EU Summit- Climate Change Special

At the EU Summit in Brussels last week, leaders from across the European Union convened to discuss matters of importance for the progression of the European Union, and to the benefit of the world as a whole. One of the main issues on the agenda was Climate Change, and the struggle to reach an agreement about this vital matter will be the main focus for this edition of The Green Issue.

The Swedish Prime Minister, Fredrick Reinfeldt, urged EU leaders to agree to a fixed amount of money that should be spent in order to help poorer countries to combat global warming. It is hoped that, by pledging a fixed sum, the EU can then urge other countries, such as the US and Japan, to also make significant financial pledges in the bid to fight climate change. The decision on the climate change pledge needed to be made ahead of the UN conference in Copenhagen in December; it is here that the EU will make their financial pledge and hope that other nations follow.

The issue of how much money should be pledged towards this fund quickly, however, became a wrangle as nine poorer EU countries battled against inclusion in the policy. This coalition of nine European nations was threatening to block the deal unless the richer EU nations were made to pay more. It does seem somewhat nonsensical that EU countries such as Bulgaria and Latvia are considerably poorer than, for example, Brazil, yet they would still be expected to pledge financial assistance to help Brazil adjust to climate change.
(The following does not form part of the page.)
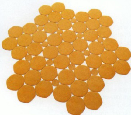
BIENENFREUNDLICH Stapelbares Regal „Opus Incertum“ aus 100%ig recyclingfähigem Kunststoff. Von Casamania, ab € 363 (Mitte). Filz-Teppich „Prisma“, erhältlich in verschiedenen Farben und Ausführungen. Von Paola Lenti, (unten)

Michelle Obama, die ein Jahr zuvor die Aufstellung zweier Bienenstöcke im Garten des Weißen Hauses veranlasst hatte. Prompt zog New Yorks Natural History Museum und die Radio City Music Hall nach, auf deren Dächern ebenfalls erste Bienenstöcke angesiedelt wurden. Nektar aus dem berühmten Central Park ist schließlich eine Ansage. Wenig später war auch der bernsteinfarbene Honig von den exotischen Pflanzen des Bronx Botanical Garden Kult. Ähnliches lässt sich seit einigen Jahren in vielen weiteren Städten beobachten: Pariser Miel béton, der urbane „Betonhonig“, den Rémy Vanbremeersch aus seinen Bienenstöcken im 10., 12., 19. und 20. Arrondissement gewinnt, fängt die Vielfalt der Jahreszeiten ein. Im Frühling schmeckt er nach den Blüten der Akazien und Kastanienbäume, im Sommer nach Linde, im Herbst nach japanischem Schnurbaum.
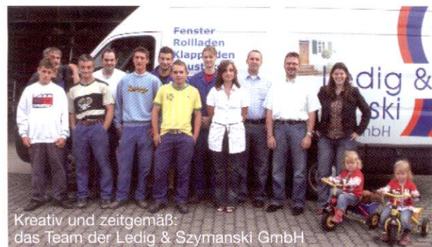
Kreativ und zeitgemäß: das Team der Ledig & Szymanski GmbH

Ledig & Szymanski GmbH · Breitenbacher Straße 20 66115 Saarbrücken · fon 0681-46413 fax 0681-48755 · info@ledig-szymanski.de · www.ledig-szymanski.de

These, mostly Eastern European, countries maintain that each country should be allowed to contribute according to their means and ability to pay, not in direct correlation to how much pollution they create; after all, the deal itself is designed to help poorer countries to adjust to climate change, why should this just be true for non-EU states?

If the money pledged is to help poorer countries to come to terms with the effect climate change has on commerce and their economy surely EU members have no less right to this aid than those countries not in the European Union.

The draft of the proposal appears to recognise the coalitions’ concerns, maintaining that EU contributions for developing countries should take in to account the ability of EU member states to pay using an “internal adjustment mechanism”. It is not clear, however, if ability to pay or CO2 emissions will be more heavily weighted in the equation.

The EU is committed to cutting carbon emissions by 20% by 2020 and says that if other countries join them that this figure could rise to up to 30%. Both EU leaders and the European Commission agree that a realistic figure that should be pledged in order to help poor countries fight climate change is in the region of 100 billion Euros by 2020; made up of EU nations paying 15 billion Euros a year to developing nations, from 2013.

There is no doubt that the EU is more committed than ever to help fight climate change, but it is necessary for the richer nations to not alienate the poorer states within the EU; otherwise any such motions could be blocked and never get off the ground. It is definitely the case that the issue of climate change needs to gain momentum ahead of the UN conference in Copenhagen and by laying such a pledge on the table, the EU could just be the ones to push this issue forward.